Next-generation biofuels promise a practical way to replace gasoline or diesel without expensive batteries. The reality is that next-generation biofuels have had limited success so far. Still, the danger exists that a price-competitive next- generation biofuel may eventually attack traditional fossil fuels head on.
The U.S. Department of Energy recently looked at the current and near-term state of various next-generation biofuels. It found that pyrolysis has the best potential to become truly price competitive with traditional transportation fuels. Its 2012 base case has a minimum cost of $4.55 per gallon of total fuel, close to standard U.S. pump prices.
The real upside could come a couple years down the road. The DOE projects that in 2017 pyrolysis could eventually cost just $2.32 per gallon of total fuel. Now the challenge is in scaling the technology.
Just what is pyrolysis and how real is the threat?
Pyrolysis is the decomposition of organic compounds in the presence of very high temperatures. This means that you can heat up organic matter like grass and break it down into its more fundamental elements to produce biodiesel. KiOR (NASDAQ: KIOR) uses this technology to take common biomatter like switch grass and wood chips, feed it into a facility, and produce fuels like gasoline and diesel.
The reality is that in the short term KiOR poses little threat to the fossil fuel industry. Management has fed investors overly optimistic expectations, and the company has been plagued with production issues. KiOR proudly states that its Columbus facility can produce 13 million gallons per year, but it expects that its 2013 full-year production will only be 920,000 gallons.
KiOR is still a development-stage company so struggles in the ramping-up process are to be expected, but there are other challenges. Management expects to continue posting operating losses at least until 2015, and as of Sept. 30, it had already accumulated losses of $339.7 million. The bottom line is that until KiOR's Columbus facility proves itself, the oil industry has little to worry about.
Another attractive idea is to bioengineer algae to produce large amounts of oil. This strategy is nice and simple, but with current estimates it is simply too expensive to compete with traditional fossil fuels. The DOE's baseline estimates project that algae-based biodiesel would need a price of about $20 per gallon to break even. Advances in productivity could help bring the costs down below $10 per gallon, but for the foreseeable future it is simply too expensive.

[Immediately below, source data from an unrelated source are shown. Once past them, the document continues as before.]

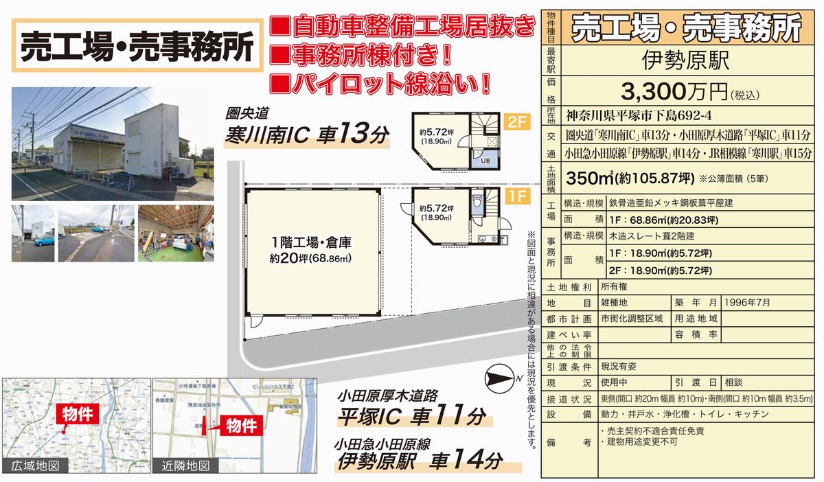 神奈川県平塚市下島692-4 (伊勢原) 伊勢原 売工場 詳細データ
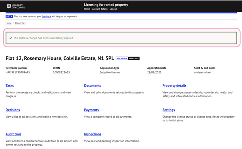 It will not be possible to change the address to one where another active application or licence already exists for that property to prevent duplication.
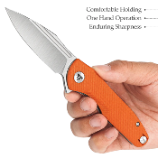 Matériau du manche : G10 orange, offrant une excellente prise en main et une visibilité accrue
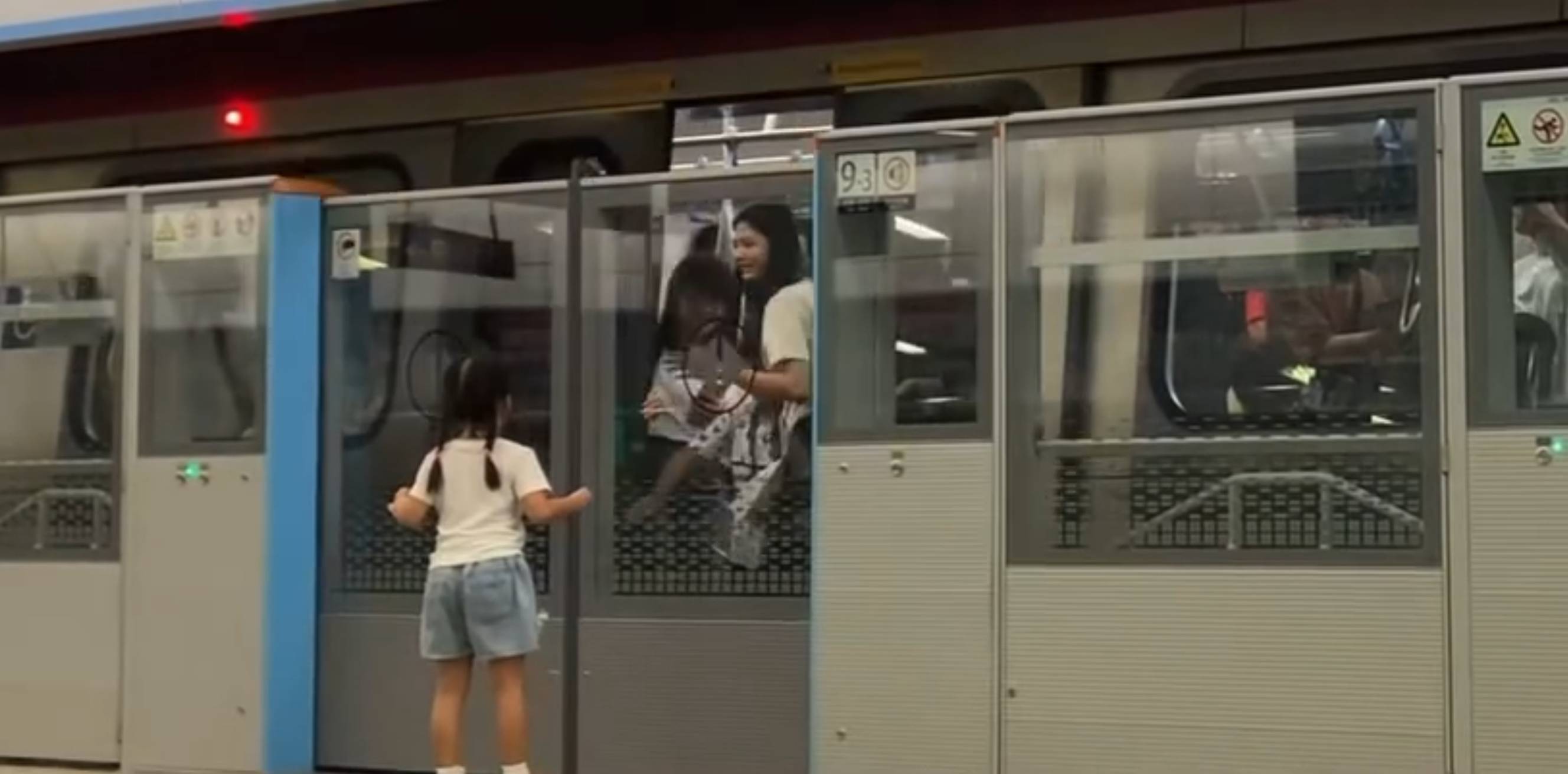 網上在周二 (10月22日) 流傳一段視頻,事發地點相信是落馬洲站往金鐘方向的港鐵列車,視頻中一名疑似母親帶著一名男童及一名女童乘坐港鐵,母親及男童分別先後成功進入港鐵車廂,但女童卻因月台幕門關閉而未能進入,女童母親見狀隨即用身體頂住車廂門令到車廂門不能功關上,女童在月台幕門外則顯得十分焦急,擔心得跳起來,後來因車門持續未能關上,港鐵男職員到該車廂檢視情況後,示意控制人員再次打開月台幕門及車廂門之後,女童隨即箭步跑入車廂,事件最終告一段落。
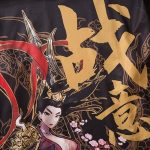 Die Kriegerin in diesem japanischen Mantel trägt eine leichte Samurai-Rüstung, mit einem Oni (Dämon) auf der rechten Schulterpanzerung.
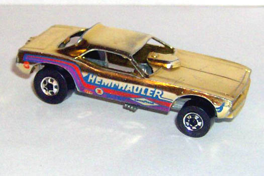 Gold Chrome, w/Red, Blue, & Magenta tampos w/'Hemi Hauler' & racing deco on sides, Black interior, Unpainted Hong Kong Base, w/BW's
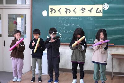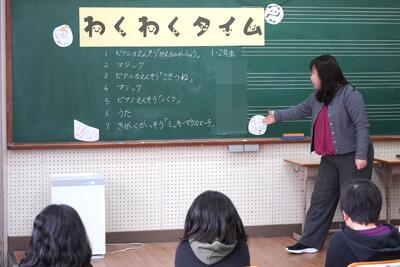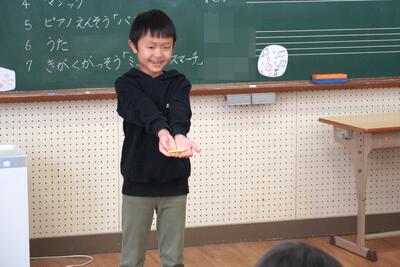 今日の中休みに、わくわくタイムを行いました。始業式の時に校長先生から「やったことのないことに挑戦しよう」とのお話があり、自分の得意な事やみんなに披露したいことを募集しました。今回は4人の児童が、マジックや楽器・歌を発表してくれました。ちょっと照れながらもしっかりと発表ができました。とても楽しい時間を共有することができました。第2弾が楽しみです。
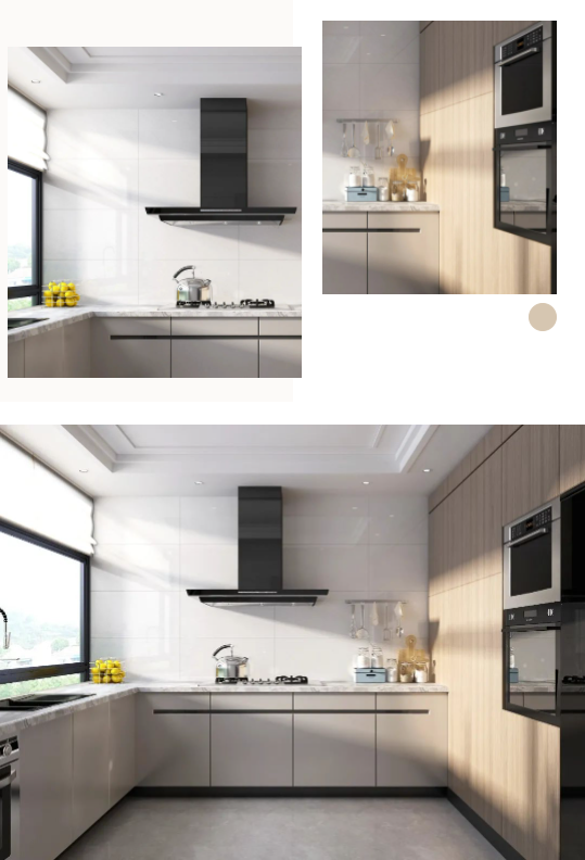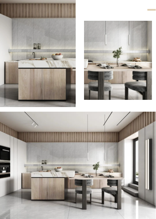 墻面通體瓷拋石中板馬特拉,清爽的色調既拓寬了廚房的空間感,一石多面又增添了些許靈動,在陽光照射下,與暖調木紋互相輝映,建立起空間與自然之間的聯(lián)系,讓每次下廚都成為期待。
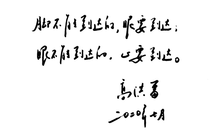 7月30日,在《鲁商发展改革转型创新训练营营员手册》编写完成之际,省商业集团有限公司(简称鲁商集团)党委书记、董事长兼山东文旅集团董事长高洪雷,为鲁商发展改革转型创新训练营题字寄语——“脚不能到达的,眼要到达;眼不能到达的,心要到达”,以此勉励创新训练营学员不断进步。
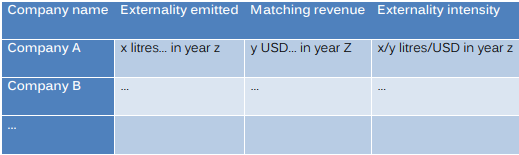 The resulting dataset should be consistent and normalized to eliminate company size and currency as factors in externality figures.

Solazyme (TVIA) continues to research this technology and is seeing some success with its innovative business model. It understands that it will not be able to compete with fossil fuel markets anytime soon. Instead it is focusing on higher-value oils. Its products have come along nicely, and it has deals with big companies like Unilever and Goulston.
Solazyme hopes to become cash flow positive by 2015, though it remains to be seen just how successful its ramping process will be. The good news is that it already expects revenue of $40 million to $42 million in 2013. Its third-quarter 2013 balance sheet is attractive, with $194 million in cash, cash equivalents, and marketable securities, and it only posted a net loss of $68 million in the first three quarters of 2013.
Solazyme and its algae are not expected to compete with mass-market fossil fuels for a very long time, but Solazyme's focus on high-margin specialty oils makes it a company worth watching.
Generation 1.0 biofuels
Generation 2.0 biofuels are not expected to kill petroleum anytime soon, but ethanol can be quite profitable. Valero Energy (VLO 1.92%) runs a big ethanol operation, producing an average of 3.6 million gallons of ethanol per day in Q4 2013. The ethanol division managed to produce operating income of $491 million in 2013 thanks to falling corn prices and small ethanol inventories.
Valero's 2013 earnings show that its integrated model is a winner. Ethanol mandates can squeeze refiners' margins, but Valero's big ethanol facilities offset the situation. By playing both sides of the coin, Valero stabilizes its total profit and makes its dividend more secure.
After the price squeeze in renewable identification numbers, or RINs, Marathon Petroleum (MPC 1.02%) decided that it needs more biofuel assets to help protect it from the volatile biofuel markets. With good reason Marathon Petroleum paid $75 million for interests in three ethanol companies. In the first three quarters of 2013, its RIN bill increased to $185 million from $70 million in the same period in 2012.
These latest ethanol facilities should help Marathon Petroleum in 2014, but Valero still has a pricing advantage because it acquired many of its ethanol facilities at rock-bottom bankruptcy prices.
Should the fossil fuel industry and traditional refiners like Valero and Marathon Petroleum be worrying about second-generation biofuels? Until companies like KiOR can prove that ethanol alternatives like pyrolysis are profitable at a commercial scale, there is little to worry about. If anything, Valero is on the right path with its ethanol division posting $491 million in operating income in 2013.